Read through the listing below and return only the lines containing "inserted".

▸ Supplied entries:
━━━

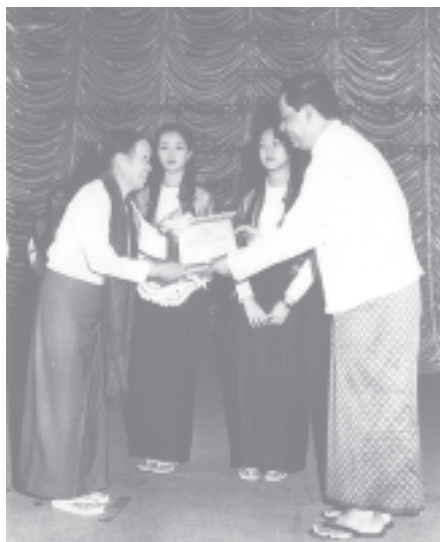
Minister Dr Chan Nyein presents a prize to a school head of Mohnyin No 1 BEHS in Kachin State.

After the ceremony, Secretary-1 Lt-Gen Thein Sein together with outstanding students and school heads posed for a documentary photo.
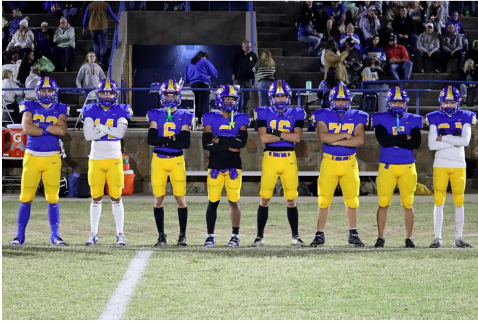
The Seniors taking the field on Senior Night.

━━━

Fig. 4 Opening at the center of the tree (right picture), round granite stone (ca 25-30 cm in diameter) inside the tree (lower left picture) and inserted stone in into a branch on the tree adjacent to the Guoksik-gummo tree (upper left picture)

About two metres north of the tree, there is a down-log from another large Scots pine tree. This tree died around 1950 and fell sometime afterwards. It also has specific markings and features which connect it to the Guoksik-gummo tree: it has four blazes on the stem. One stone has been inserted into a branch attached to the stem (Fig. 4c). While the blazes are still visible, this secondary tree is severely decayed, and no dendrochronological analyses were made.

━━━

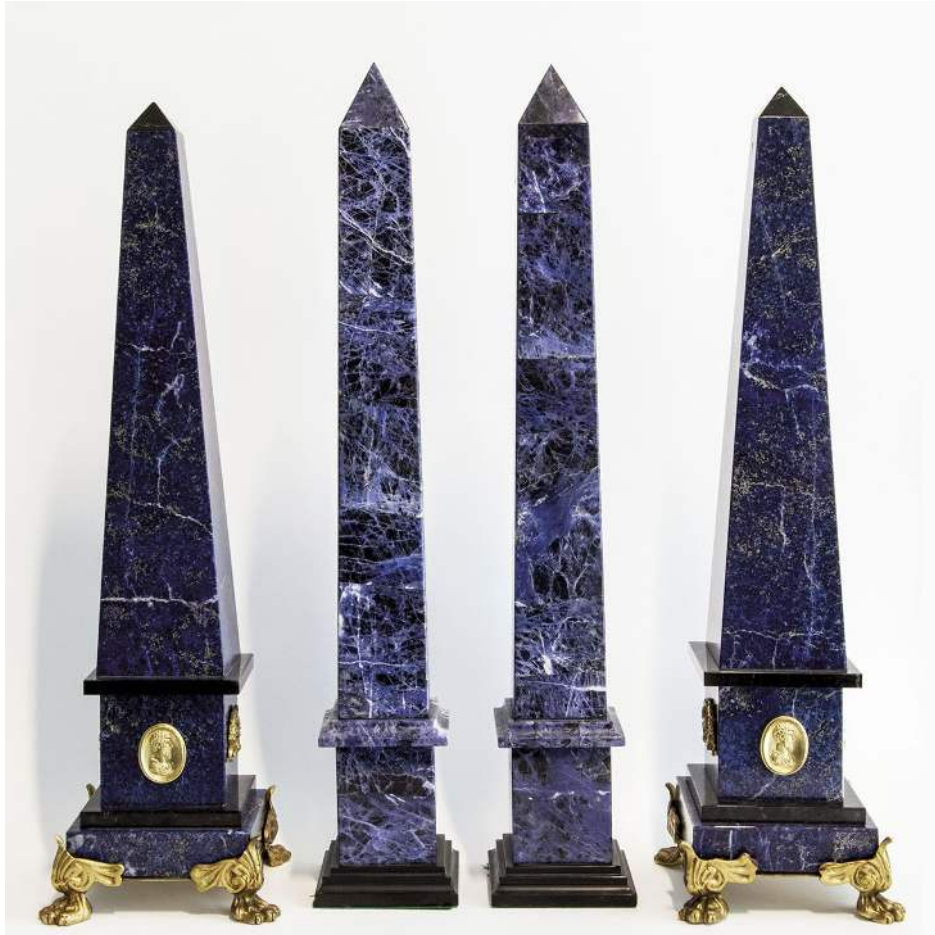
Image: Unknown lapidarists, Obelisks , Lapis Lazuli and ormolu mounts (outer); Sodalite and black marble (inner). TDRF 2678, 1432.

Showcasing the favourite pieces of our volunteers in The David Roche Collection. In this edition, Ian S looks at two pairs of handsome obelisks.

━━━

▸ Solution to this exercise:
Fig. 4 Opening at the center of the tree (right picture), round granite stone (ca 25-30 cm in diameter) inside the tree (lower left picture) and inserted stone in into a branch on the tree adjacent to the Guoksik-gummo tree (upper left picture)
About two metres north of the tree, there is a down-log from another large Scots pine tree. This tree died around 1950 and fell sometime afterwards. It also has specific markings and features which connect it to the Guoksik-gummo tree: it has four blazes on the stem. One stone has been inserted into a branch attached to the stem (Fig. 4c). While the blazes are still visible, this secondary tree is severely decayed, and no dendrochronological analyses were made.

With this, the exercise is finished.